Chart pattern trading strategy is very popular among the experienced traders. They use the major chart pattern to filter out the best signals. Being a new trader, you might not understand how this market works. But once you start to deal with the complex nature of this market, you can expect to make a big profit. Though chart pattern trading strategy is mostly for the advanced traders, this article will teach you the perfect way to use the head and should pattern.

Head and should pattern:

The head and shoulder is bearish reversal pattern and it found usually at the top of the bullish trend. Being a new trader, you might think spotting the pair in the lower time frame is the most efficient way to make more money. But if you try to trade the major chart pattern in the lower period, you are not going to make any profit. Those who trade the major chart in the lower period always loses money. Though the head and shoulder pattern is a powerful bearish reversal pattern, still you must learn its use properly.

The neckline:

The neckline acts as the critical support for the head and shoulder pattern. If the bears manage to break below the neckline, you may consider it as a bearish reversal signal. But the break of the neckline might be false and you must have the skills to analyze the market data. Unless you can analyze the break with a high level of precision, you are going to lose most of the trades. You need to look for the daily closing of the price below the neckline before you think about executing short orders.

Executions of the trade:

Executions of the trades in your Forex trading account based on the head and shoulder pattern in a very tough task. Those who are new to the trading industry are always trying to make more profit by following the aggressive trading method. But aggression always forces you to overtrade the market. When you spot the head and shoulder pattern, you can’t trade the market with aggression. If you become aggressive to trade the pair, you might lose a big sum of money. Execute the short orders after the breach of the neckline support. Until you get the perfect setups in the daily or weekly time frame, it’s better not to place any trade. Remember, you are dealing with the trend reversal trading strategy. So, any minor mistake might cost your capital.

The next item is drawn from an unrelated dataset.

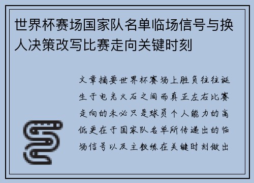 今晚世俱杯赛场冷门风险持续累积各队博弈暗藏变数胜负走向扑朔迷离

Dealing with the major news:

The breakout of the neckline is nothing but the results of high impact news. So, without analyzing the news factors, you should execute any trade. The pro traders are making big profits since they know the proper way to analyze the major news. If you want to succeed at trading make sure you are not pushing yourself to the edge. Taking too much risk and trading the head shoulder pattern without doing fundamental analysis is a big mistake.

Analyze the risk factors:

You must analyze the risk factors before you execute the trade based on the head and shoulder pattern. Those who take more than a 3% risk might even blow up the trading by using the reversal pattern strategy. Its true chart pattern trading strategy is one of the most effective ways to make a profit in the Forex market but it doesn’t mean you will be placing the orders without following the conservative method. No matter which system you follow, you might lose trades without having any prior notice. For this very reason, the elite traders always prefer to trade with less than 1% risk. If you can follow their risk management policy, you will never blow up the trading account. Most importantly, you will have a stable mindset. And those who gained control over emotions, always make a decent profit.